ALU Implementation

A project log for FPGA NES

Learning Verilog by creating an FPGA implementation of the Nintendo Entertainment System

irwinzirwinz 04/29/2017 at 16:520 Comments

Ok, here we’re going to go through the 6502 ALU (and my implementation of it), since it’s relatively straightforward and independent of the rest of the CPU. Below I’ve included the block diagram of the ALU.

It’s got two 8-bit input registers (A and B), both of which can be filled from several different inputs. The B input can additionally be fed with an inverted data bus, allowing the ALU to do subtraction. There are 5 intrinsic operations: add, and, or, exclusive-or, and shift right. The add instruction can also do subtraction, when combined with the inverted data bus. There is a carry-in and carry-out, to allow for >8-bit operations. There is also an overflow bit that detects signed over- or underflow. On the block diagram there are a few other input and output bits, but those are used only for the 6502 decimal mode which the NES CPU does not implement, so we’ll ignore them.

I won’t talk about the input or output registers here, as I decided to have the ALU module be independent of them. I included them in the diagram in order to highlight the inverted DB input. In my ALU, I moved the inversion into the ALU itself rather than outside the B input (because it was cleaner? I dunno, it just happened). So the inputs to the ALU module consist of the A and B registers, the carry bit, and the control signals (the operations plus the inversion signal). One final change is that I included an extra operation, rotate right. That was done purely for convenience, since I’m still not quite sure how this was implemented on the actual 6502 (can anybody clarify?).

With that, here’s the code:

module ALU(  
    input wire SUM_en, AND_en, EOR_en, OR_en, SR_en, INV_en, ROR_en, // Operation control
    input wire [7:0] Ain, Bin, 					     // Data inputs
    input wire Cin, 						     // Carry in
    output reg [7:0] RES,					     // Operation result
    output reg Cout, 						     // Carry out
    output wire OVFout						     // Overflow out
    // Declare signals:
    wire [7:0] Bint;
    // Select inverted or non-inverted B input:
    assign Bint = INV_en ? ~Bin : Bin;
    // Perform requested operation:
    always @(*) begin
	// Defaults:
	RES = 0;
	Cout = 0;
	// Operations:
        if (SUM_en)
	    {Cout, RES} = Ain + Bint + Cin;	// add with carry-in, carry-out
        else if (AND_en)
            RES = Ain & Bin;			// and
        else if (EOR_en)
            RES = Ain ^ Bin;			// xor
        else if (OR_en)
            RES = Ain | Bin;	                // or
        else if (SR_en)
            {RES, Cout} = {Ain,1'd0} >> 1;	// shift right with carry-out
	else if (ROR_en)
	    {RES, Cout} = {Cin,Ain,1'd0} >> 1;	// shift right with carry-in, carry-out
    // Set overflow flag (set if both inputs are same sign, but output is a different sign):
    assign OVFout = (Ain[7] && Bint[7] && (!RES[7])) || ((!Ain[7]) && (!Bint[7]) && RES[7]);

As noted above, the B input inversion in handled inside the ALU module, for reasons. Each operation is handled in a separate case. The input carry bit is used for add and rotate right operations. Carry output is changed for add, shift, and rotate operations (auto cleared for logical ops, but the rest of the CPU will ignore it in those instances). The overflow bit is an interesting one (the best reference for understanding it is Ken Shirriff’s blog:, it basically detects when an operation results in a number that can’t fit in a signed byte (for example: 127 + 1 = -128, instead of +128). To calculate it, the ALU checks that if both inputs (after inverting B if necessary) are the same sign, the result should also be that sign. If it’s not (again, +127 + 1 = -128), then the overflow bit is set. By inverting B, the same math works for subtraction and negative inputs.

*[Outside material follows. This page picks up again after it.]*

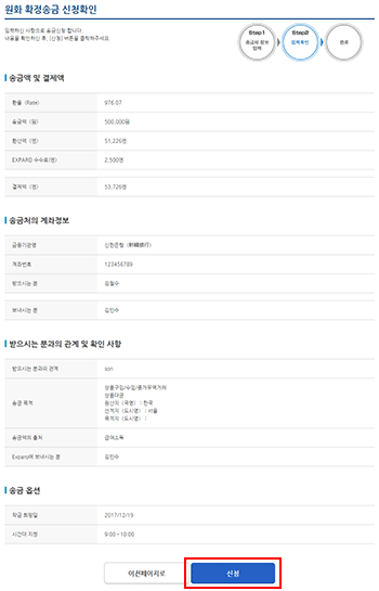송금신청 내용에 틀림이 없는지 확인해 주시기 바랍니다.

One note here is that the ALU relies on the programmer to correctly set the carry input for the requested operation. For example, for a normal 8-bit add, the carry bit should be cleared before the operation (for >8-bit adds, the carry is cleared for the first op, and then the carry out is used for the next byte(s)). For subtraction, the opposite is true – the carry bit should be set prior to an 8-bit subtract. That’s because, for subtraction, the carry bit acts as a “borrow” bit. You can also think of it like implementing an add of the 2’s complement of the input (so to subtract B from A, you invert B and set the carry, so that the result is adding –B to A). Again, for >8-bit subtracts, the carry out is used for the next byte(s).

And… that’s about it! The implementation of the ALU is pretty simple, the real magic comes in the different ways you can manipulate the inputs and controls in order to do some cool things.